• _WORK INSTRUCTION_: Working through the data below, reproduce word for word the line with "Добавете малко забавление" and every line after it, both ends included, and omit the pictures.

RECORD SET: Begin

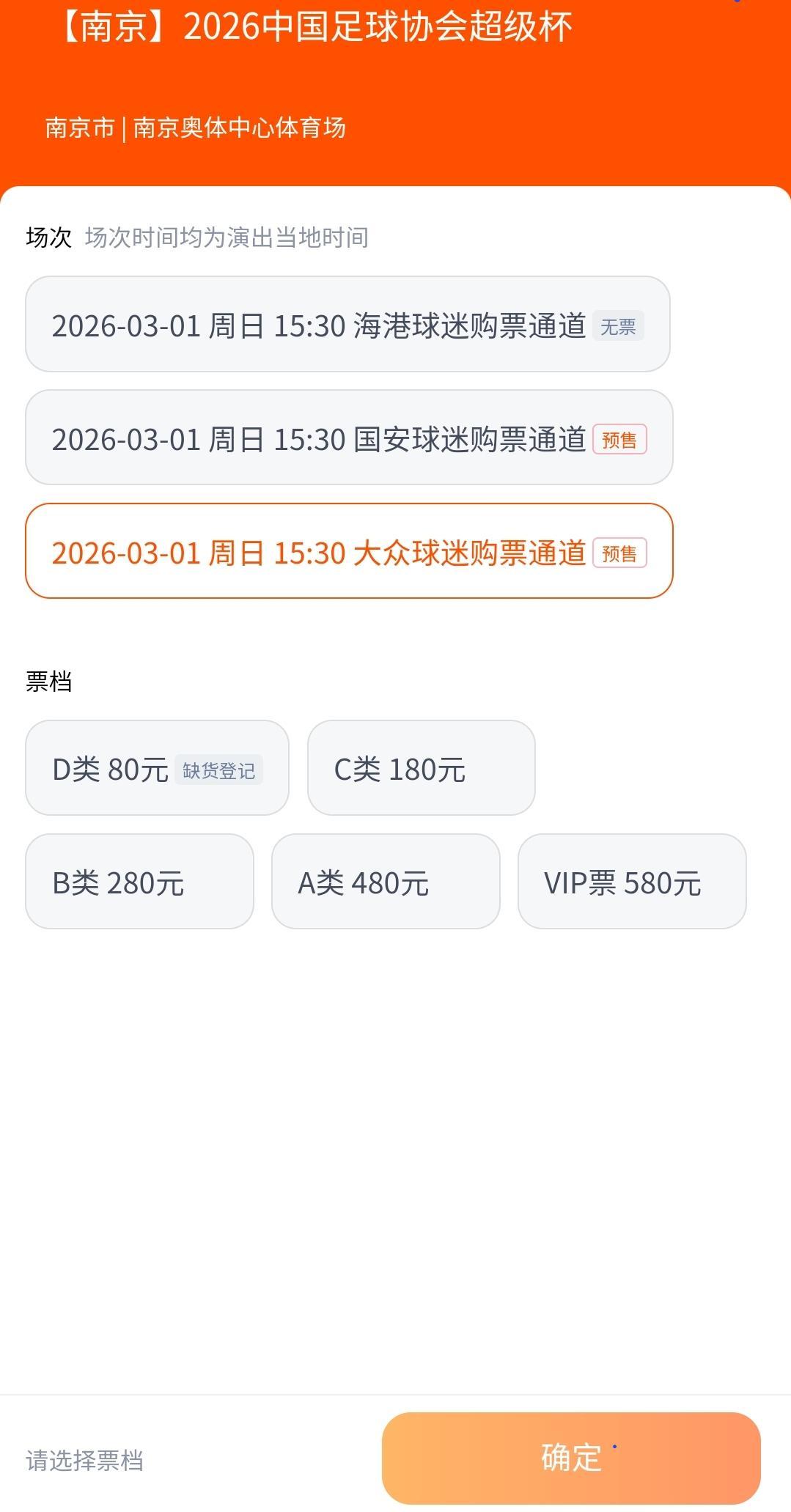 1月23日10:18,作为年度开篇大戏的2026中国超级杯球票正式开票。结果,名义主队上海海港的地缘优势明显,球票很快售罄;客队北京国安以及大众球迷的球票还在热销中。
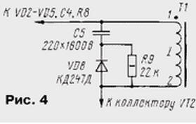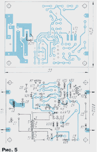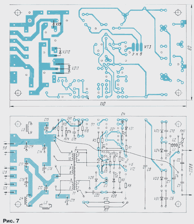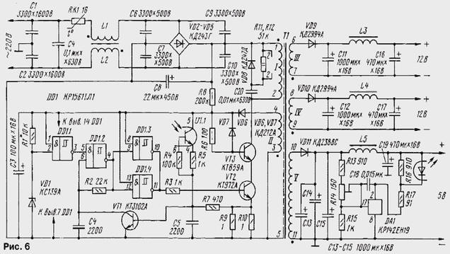 ЭНЦИКЛОПЕДИЯ РАДИОЭЛЕКТРОНИКИ И ЭЛЕКТРОТЕХНИКИ Сетевые импульсные блоки питания Энциклопедия радиоэлектроники и электротехники / Блоки питания Импульсные источники питания пока еще не получили широкого распространения в радиолюбительской практике. Объясняется это в основном их высокой сложностью и соответственно стоимостью. Однако в ряде случаев преимущества этих устройств в сравнении с традиционными трансформаторными блоками - большой КПД, малые габариты и масса - могут иметь решающее значение. В предлагаемой статье описаны несколько импульсных источников для различных нагрузок. Спор при выборе источника питания (ИП) для конкретного прибора чаще всего заканчивается в пользу традиционных трансформаторных блоков с непрерывным способом стабилизации выходного напряжения как наиболее простых в разработке и изготовлении. А то, что у них увеличены габариты и масса, небольшой КПД, значительный нагрев, практически во внимание обычно не принимают. Наиболее важный аргумент - стоимость. Кроме того, бытует мнение, что импульсные ИП, особенно сетевые, ненадежны, создают высокочастотные помехи, более сложны в изготовлении и регулировке, да и дороги. Эти рассуждения чаще всего традиционны в тех случаях, когда сначала проектируют прибор, а потом подбирают для него ИП из числа имеющихся в продаже. При этом нередко оказывается, что выбранный ИП не совсем подходит для прибора: то он тяжеловат, то сильно греется, да и аппаратура работает неустойчиво. Ничего подобного не происходит, если ИП проектируют под конкретный прибор, класс аппаратуры с учетом особенностей входного напряжения и нагрузки. В этом случае некоторые усложнения ИП, например, переход к импульсному способу стабилизации выходного напряжения, придают прибору в целом новые качества, существенно улучшают его характеристики, что увеличивает потребительскую цену всего прибора и окупает затраты на усложнение ИП. Ниже рассмотрены несколько вариантов сетевых импульсных ИП, спроектированных для конкретных приборов с учетом особенностей отечественной однофазной сети напряжением 220 В и частотой 50 Гц. Результаты эксплуатации в течение 5...7 лет позволяют рекомендовать их для повторения радиолюбителям, которые знакомы с основными понятиями силовой электроники, принципами импульсного регулирования и особенностями элементной базы. Принципы работы, технология изготовления и элементная база ИП специально выбраны близкими, поэтому наиболее подробно будет рассмотрен базовый ИП, а у остальных указаны только их отличительные особенности. На рис. 1 приведена схема одноканального импульсного ИП, разработанного для телефонных аппаратов с автоматическим определителемномера (АОН). Он может быть пригоден и для питания других цифровых и аналоговых приборов постоянным напряжением 5...24 В и мощностью 3...5 Вт соответственно, ток потребления которых в процессе работы изменяется незначительно. ИП защищен от замыкания на выходе с автоматическим возвратом в рабочий режим после устранения перегрузки. Нестабильность выходного напряжения при изменении входного - от 150 до 240 В, тока нагрузки - в пределах 20...100 % от номинального и температуре окружающей среды 5...40°С не превышает 5 % относительно номинального значения. Входное напряжение поступает на выпрямитель VD2-VD5 через противопомеховый филь
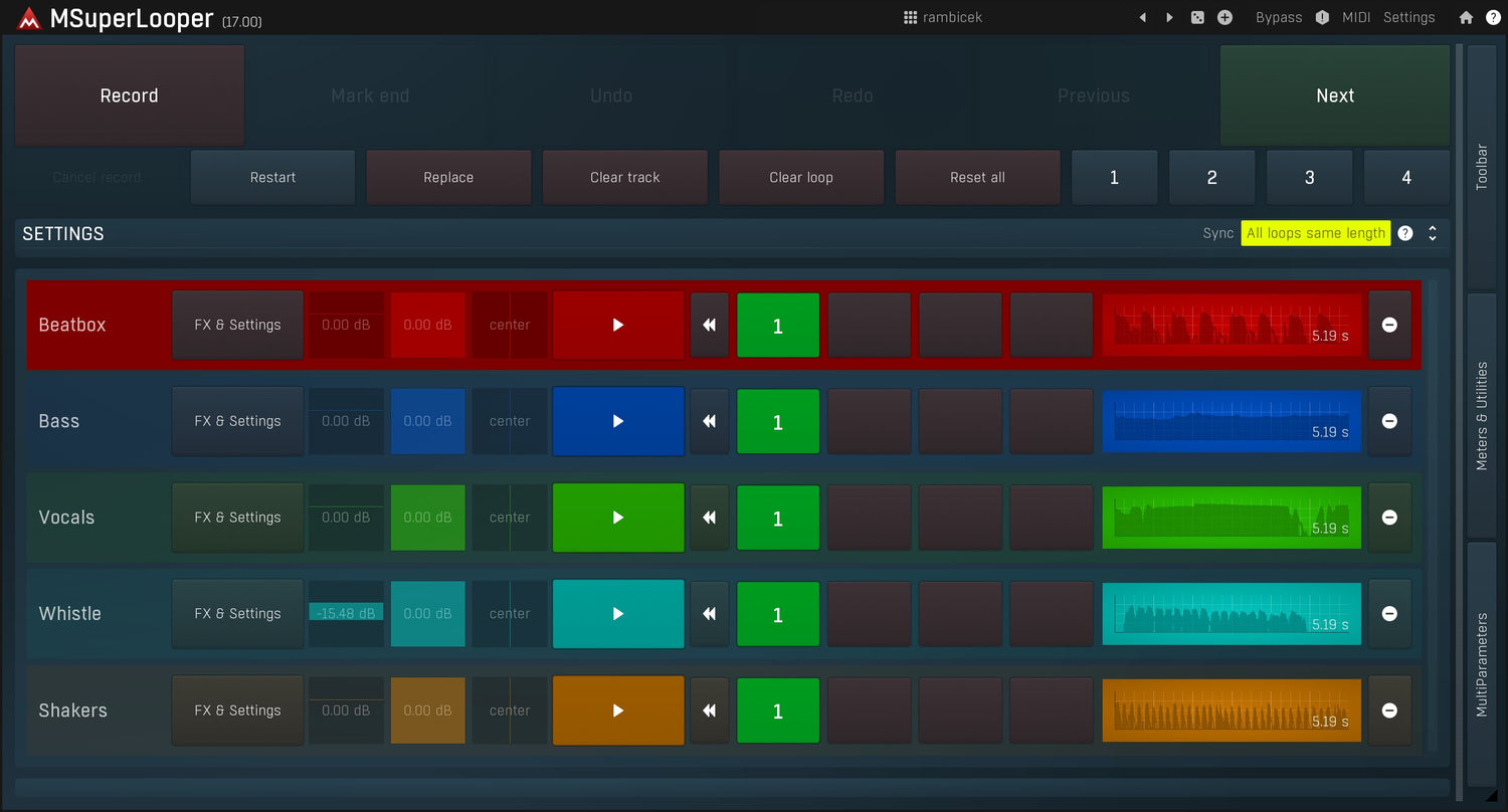 Los loopers solían tener solo una pista. Eso puede ser suficiente para capturar una idea rápidamente, pero definitivamente no es suficiente para una gran actuación en vivo. MSuperLooper cuenta con hasta 16 pistas, 4 loops en cada una para mayor versatilidad.
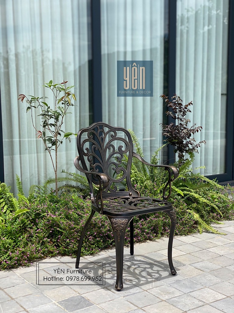 Bộ bàn ghế sân vườn ND02N-06BCN1700 là một trong những mẫu bản ghế được ưa chuộng nhất bởi lớp sơn nâu tạo nên sự sang trọng và thiết kế cổ điển. Được chế tạo bằng nhôm đúc nguyên khối khi sử dụng bộ sản phẩm này các bạn sẽ không cần phải bảo dưỡng, sản phẩm khó bị bảo mòn và hoen rỉ rất phù hợp cho ngoài trời, sân vườn nhà bạn.
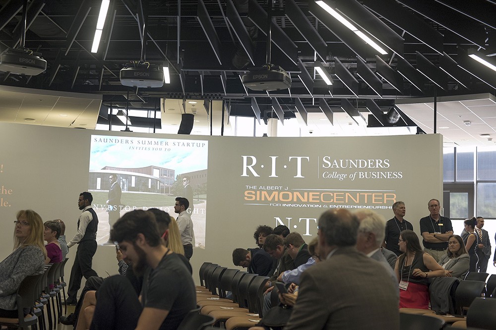 RIT students worked hard this summer during the Saunders Summer Startup entrepreneurship program, hosted by the Simone Center for Innovation and Entrepreneurship. 11 teams presented their business ideas to a group of potential investors from the community at Investor Night, Aug. 9. -
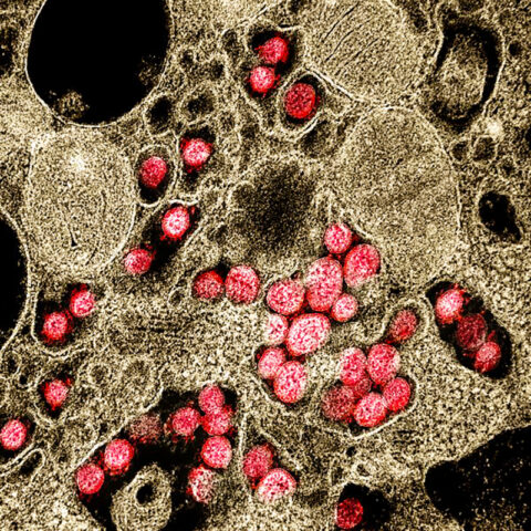 환자로부터 분리된 SARS-CoV-2 바이러스 입자의 투과전자현미경 사진. ©NIAID
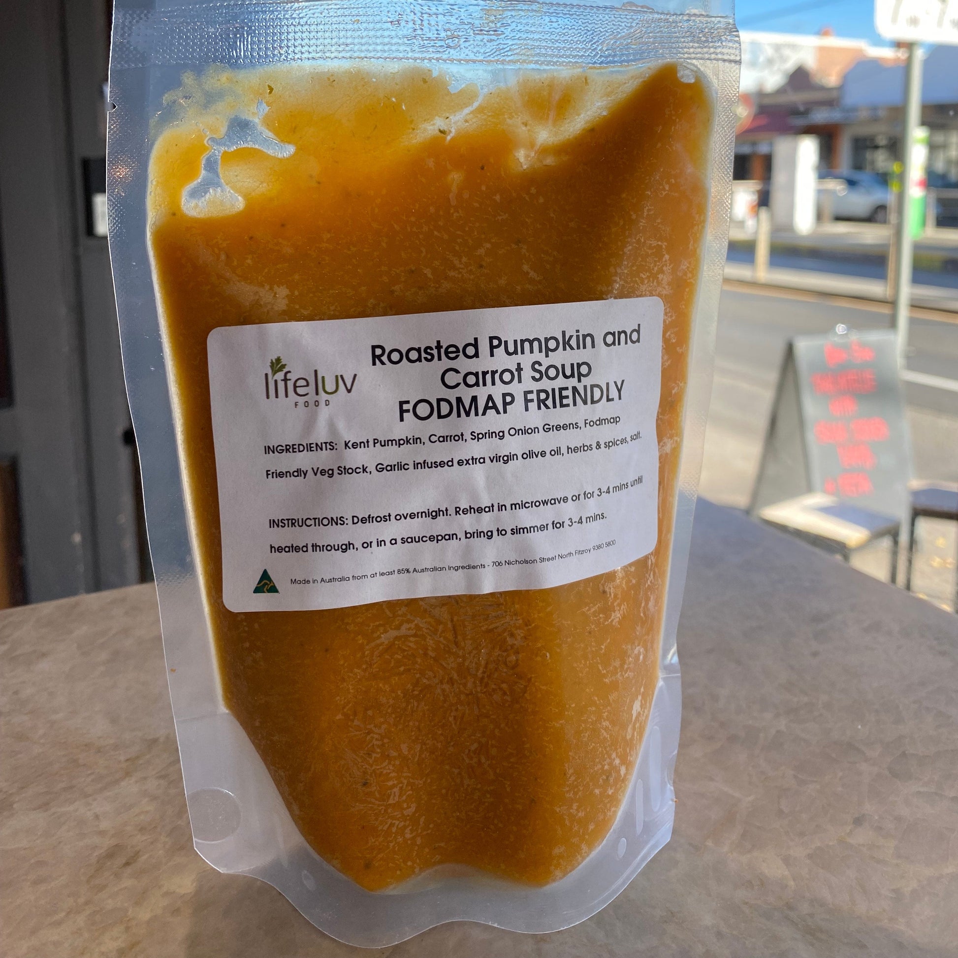 Kent pumpkin, Carrot, Spring Onion, Greens, FodMap friendly vegetable stock, Garlic infused extra virgin olive oil, Herbs & Spices.
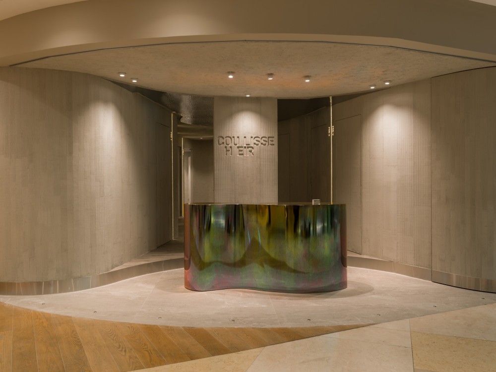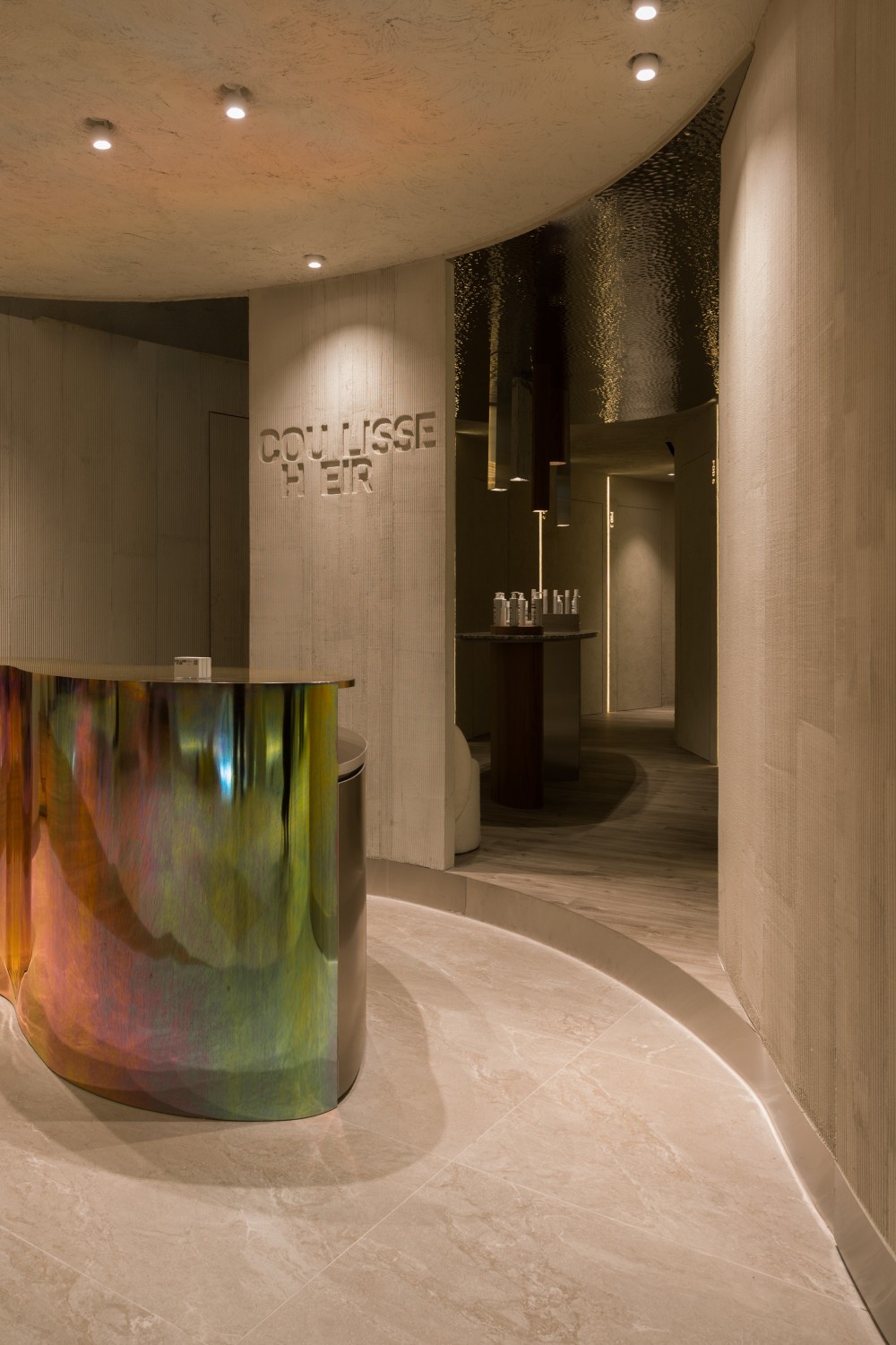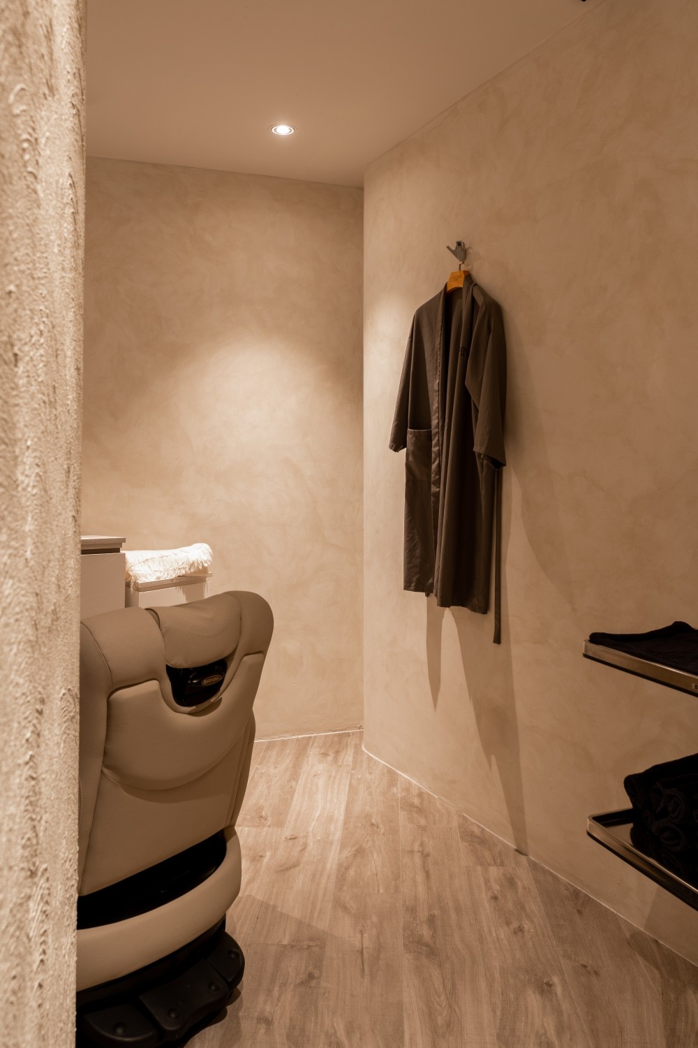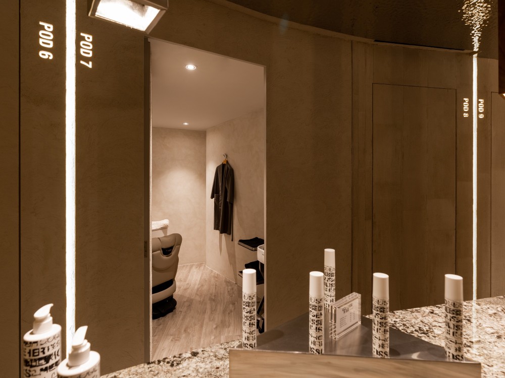 在新加坡繁华的商区里,藏着一间特别的美发沙龙店和按摩店设计。它没有传统美发店的嘈杂拥挤,而是用通透的空间、柔和的光影和自然的材质,让 “做头发” 成了一场治愈身心的体验。走近沙龙,大面积的超白钢化玻璃幕墙最先抓人眼球,通透得像没设屏障,路过的人能隐约看到里面柔和的灯光和点缀的绿植,忍不住想进去瞧瞧。玻璃上就简单用金属字标着品牌名,不花哨却很醒目。脚下的浅灰色水磨石地板,和室外街道的地砖自然衔接,门口那盆琴叶榕,既给室内留了些隐私,又把户外的自然气息带了进来,让人刚踏进沙龙,就像走进了个舒服的小角落。
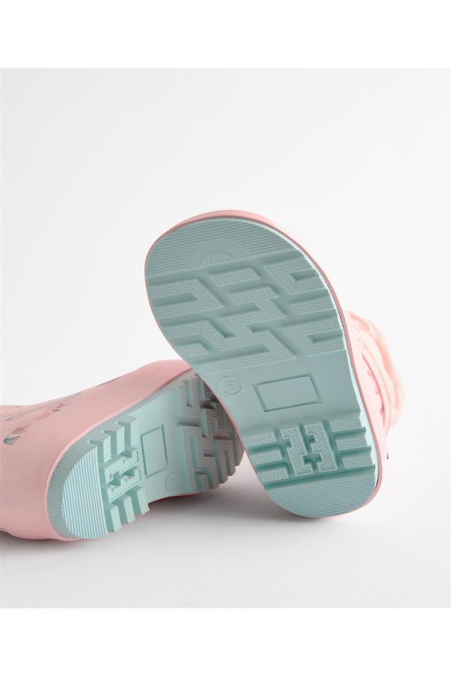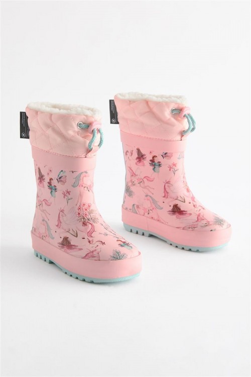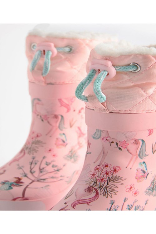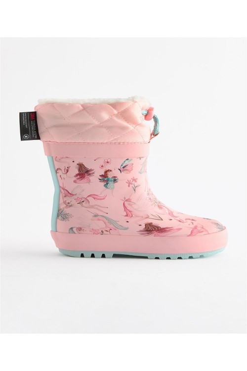 Добавете малко забавление към гардероба за дъждовни дни на вашето дете с тези уютни и водоустойчиви гумени розови ботуши с феи. Ботушите са с капитониран маншет на глезена със закопчаване и подплата от борг полар, завършени с щампа по цялата повърхност и устойчива на хлъзгане издръжлива подметка.
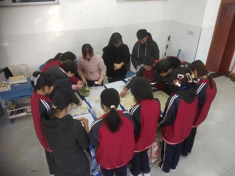 “和老師們、同學(xué)們?cè)谝黄鸢溩、吃餃子,就像一大家子一樣,真是太溫馨了!”一位學(xué)生在教室里邊包餃子邊興奮地說。
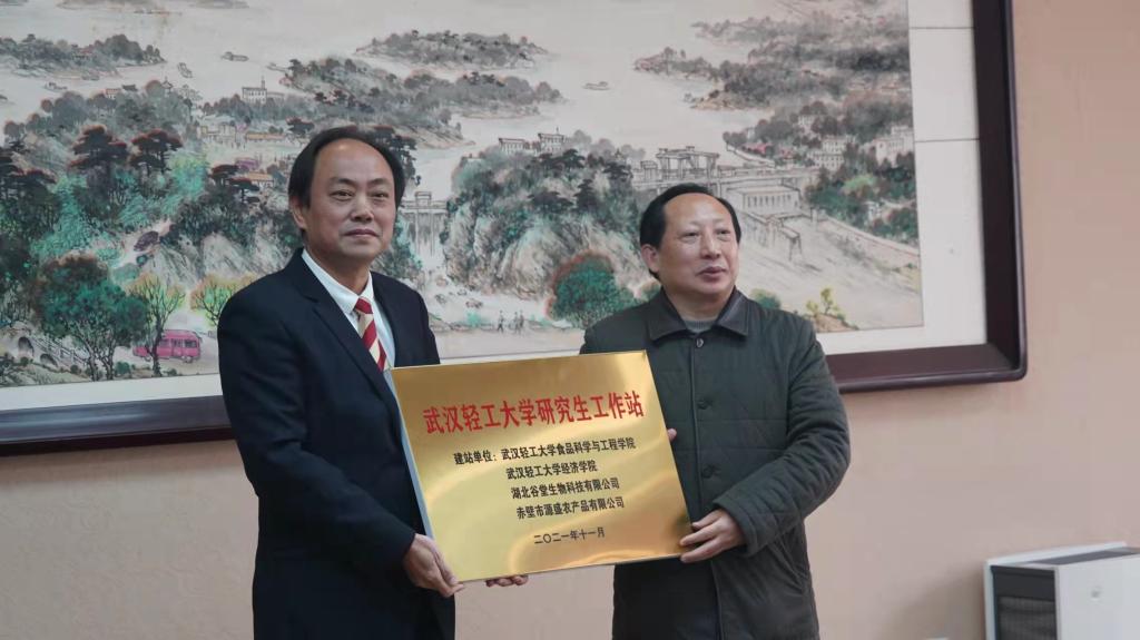 2021年11月27日公司研究生处处长郑翘楚、食品科学与工程公司经理丁文平、公司党委书记肖波明、祁华清教授,食品科学与工程公司王月慧教授、庄坤博士等一行6人前往赤壁市商谈开展校地合作事宜,并与赤壁市金融办、湖北谷堂生物科技有限公司等签订校地、校企老员工实习基地、研究生工作站等合作协议。

RECORD SET: End

• _SOLUTION_:
 Добавете малко забавление към гардероба за дъждовни дни на вашето дете с тези уютни и водоустойчиви гумени розови ботуши с феи. Ботушите са с капитониран маншет на глезена със закопчаване и подплата от борг полар, завършени с щампа по цялата повърхност и устойчива на хлъзгане издръжлива подметка.
 “和老師們、同學(xué)們?cè)谝黄鸢溩、吃餃子,就像一大家子一樣,真是太溫馨了!”一位學(xué)生在教室里邊包餃子邊興奮地說。
 2021年11月27日公司研究生处处长郑翘楚、食品科学与工程公司经理丁文平、公司党委书记肖波明、祁华清教授,食品科学与工程公司王月慧教授、庄坤博士等一行6人前往赤壁市商谈开展校地合作事宜,并与赤壁市金融办、湖北谷堂生物科技有限公司等签订校地、校企老员工实习基地、研究生工作站等合作协议。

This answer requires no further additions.